When TLS is enabled on the fabric or heartbeat connections, they will always use what amounts to mutual authentication for those Aerospike-to-Aerospike connections. So once again, if a “bad actor” somehow breaches the private network, they could not pretend to be another Aerospike node in the cluster nor decrypt any of the data transferring between nodes without possessing the appropriate private key.
If you recall, XDR connectivity is actually just using the service connections. So with XDR, the source cluster acts as the TLS clients, much like the application nodes, and the destination cluster acts as the TLS servers.
Now, all of these types of connections are generally configured to use the same server certificate as they are the same servers, however, they can technically be configured to have separate certificates.
Additionally, every Aerospike node can be configured to use the same certificate, meaning the entire cluster shares that certificate, or every node can be set up with it’s own unique certificates.
So that gives us three dimensions to work with; Standard vs. mutual TLS on the service connections, individual or shared certificates on each type of connection, and individual or shared certificates on each Aerospike server node.
Obviously, standard TLS with a single cluster-wide certificate is the simplest in terms of setup and management complexity. And if you’ve spent much time dealing with certificate lifecycle management, one certificate certainly sounds more pleasant to manage than dozens, hundreds, or thousands. And indeed it is.
But for organizations adopting more of a “zero trust” model, perhaps within environments dealing with highly sensitive data, on networks which the organization has deemed as untrusted such as the public cloud, unique certificates on each node may be required.

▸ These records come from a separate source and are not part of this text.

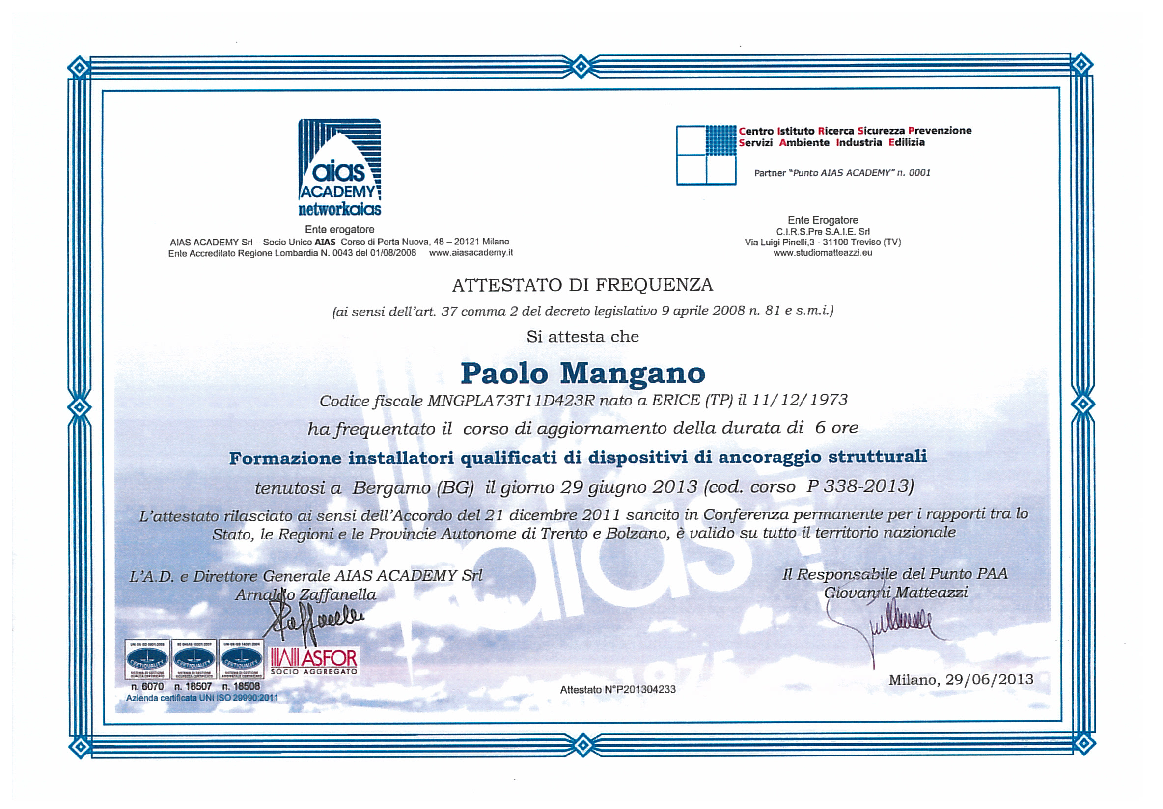 Normativa UNI EN 795 DPI contro le cadute dall’alto: DISPOSITIVI DI DISCESADPI contro le cadute dall’alto: DISPOSITIVI ANTICADUTA DI TIPO GUIDATO CON LINEA DI ANCORAGGIODPI contro le cadute dall’alto: CORDINIDPI contro le cadute dall’alto: ASSORBITORI DI ENERGIADPI contro le cadute dall’alto: DISPOSITIVI ANTICADUTA DI TIPO RETRATTILEDPI contro le cadute dall’alto: IMBRACATURE PER IL CORPODPI contro le cadute dall’alto: CONNETTORIDPI contro le cadute dall’alto: SISTEMI DI ARRESTO CADUTADPI contro le cadute dall’alto: METODI DI PROVADPI contro le cadute dall’alto: REQUISITI GENERALI PER LE ISTRUZ. PER L’USO E LA MARCATURA. Sistemi di arresto caduta: guida per la selezione e l’usoProtezione contro le cadute dall’alto – Dispositivi di ancoraggio – requisiti e prove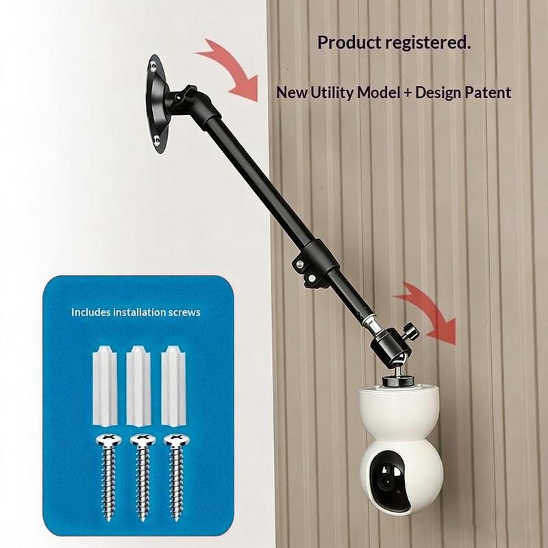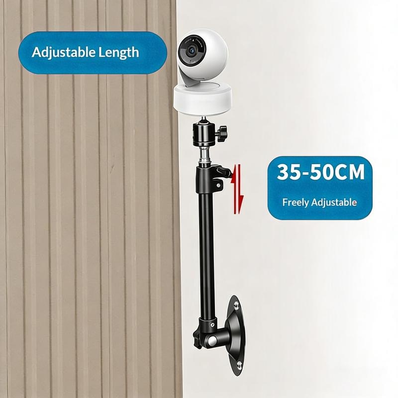 360 Degree Rotating Security Camera Mount - 35-50cm Telescopic Carbon Steel Bracket for Indoor & Outdoor CCTV Camera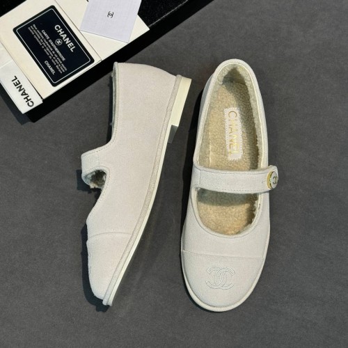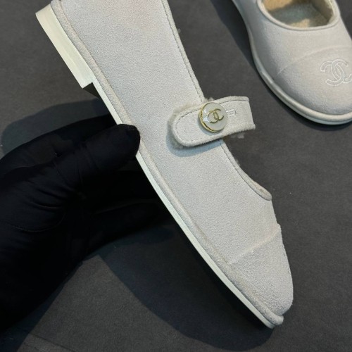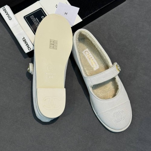 Белые женские балетки Chanel из натуральной замши и натурального меха. Модель выполнили из натуральной мягкой замши и дополнили ремешком, который обеспечивает надежную фиксацию и комфортную посадку по ноге. Чтобы обувь хорошо сохраняла тепло, подкладку и стельку выполнили из натурального меха. В нашем интернет-магазине вы можете купить копии балеток с доставкой по Москве и по всей России.

However, most enterprise use cases will fall somewhere in between these two extremes and the flexibility of Aerospike’s TLS configuration will allow it to be tailored to the specific needs of the organization, the environment, and the use case.
A cipher suite is a set of algorithms that are used in various phases during the TLS communication. The protocol allows for the client and server to negotiate which set of these algorithms both sides support.
Every TLS connection I described in the previous section can be configured as to which cipher suites are allowed and in what priority.
Without going too deep into the weeds about TLS cipher suites, let me just make two points about selecting TLS cipher suites to use with Aerospike Enterprise.
Unlike a public, internet-facing application, many Aerospike deployments are done in environments where the organization is in control of both the client and the server. That means that compatibility with public clients like web browsers is not a factor and the list of allowed cipher suites can be narrowed down to just the more current algorithms which provide the best security and performance.
At the time of this presentation, that is highly likely to mean a cipher suite using AES encryption, which has hardware acceleration built-in to modern CPUs, using Galois Counter Mode or GCM, which also typically out-performs previous block cipher modes.
Aerospike uses OpenSSL and thus configuring the cipher suite uses the OpenSSL notation. This is recognizable by the use of hyphens as shown in the top line in the image. Other tools and libraries, such as Java, may use the IANA notation. This is recognizable by the use of underscores as shown in the second line here. This means that specifying the cipher suites in Aerospike configuration may use a different notation that other sources you may be referencing.